Saty Satya-Murti
Joseph Lockhart
Santa Maria, California, United States
In the mid-twentieth century, few doctors and even fewer members of the public had ever heard of Alzheimer’s disease (AD). Interest focused on senile dementia and arteriosclerotic vascular dementia while presenile dementia was thought to be uncommon and received little attention.1 Yet as early as 1906, Alois Alzheimer (1864–1915) had reported clinical and neuropathological findings from one of his patients, “Auguste D,” who died at age fifty-six after having progressing dementia symptoms for five years. Within the next few years, other neurologists reported similar cases. Emil Kraepelin (1848–1915), a colleague and mentor for Alzheimer, called this dementing illness Alzheimer’s Disease. These descriptions, however, failed to garner much recognition until the late 1970s.2
An unexpected exception to this awareness gap occurred in 1924 when the Hight-Sweetin double homicide trial in Ina, Illinois, captivated international attention.3 It involved the Rev. Lawrence Hight, a married forty-year-old ex-jockey and circuit preacher in Cairo in southern Illinois. He was accused of the arsenic poisoning deaths of his lover’s husband and of his own wife. His congregant and alleged lover was thirty-one-year-old Elsie Sweetin, married to forty-one-year-old Wilford Sweetin.

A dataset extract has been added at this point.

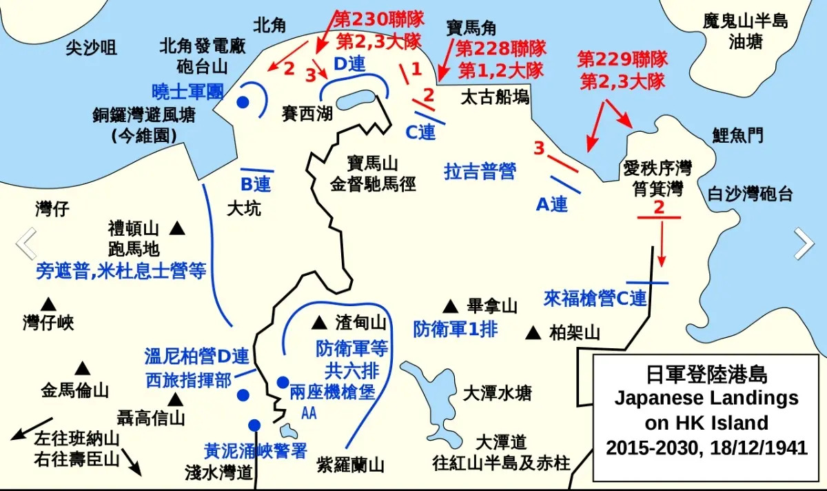 On the evening of the 20th, the 1st Battalion of the 229th Japanese Army arrived at the intersection of Tai Tam Road and Tai Tam Road Reservoir Road, and dismantled the pumping facilities after occupying the pumping station of Tai Tam Reservoir. The Wong Nai Chung Reservoir was also occupied by the Japanese army in the Battle of Wong Nai Chung Gorge, and power outages caused the pumps to be unable to operate, gradually paralyzing the water supply to Hong Kong Island. The 1st Battalion of the 229th Regiment once again invaded Hongshan, also known as Bai Bi Shan, after breaking through the defense line of the Hong Kong Defense Forces, and attempted to seize Lianhua Jing Shan and Guishan to the west of the Hongshan Peninsula. The British Eastern Brigade has set the counterattack time for 9:00 am on the 21st. The D-company of the Rifle Battalion and the 1st company of the Hong Kong Defense Force will launch a counterattack from Turtle Bay on Tai Tam Road, advancing to the intersection of Tai Tam Road and Tai Tam Reservoir Road. The two companies will dispatch teams to climb Lotus Hill and Turtle Hill to cover the main team’s advance;

In July 1924, Wilford Sweetin suffered a minor injury at work and became sick to his stomach. His symptoms were attributed to ptomaine poisoning. Several doctors and Hight came to see him, but his condition deteriorated, and he died on July 28. Rev. Hight preached at his funeral. Less than two months later, Hight’s wife Anna became ill after eating minced ham. She became paralyzed and vomited blood, received a diagnosis of food poisoning, and died on September 12.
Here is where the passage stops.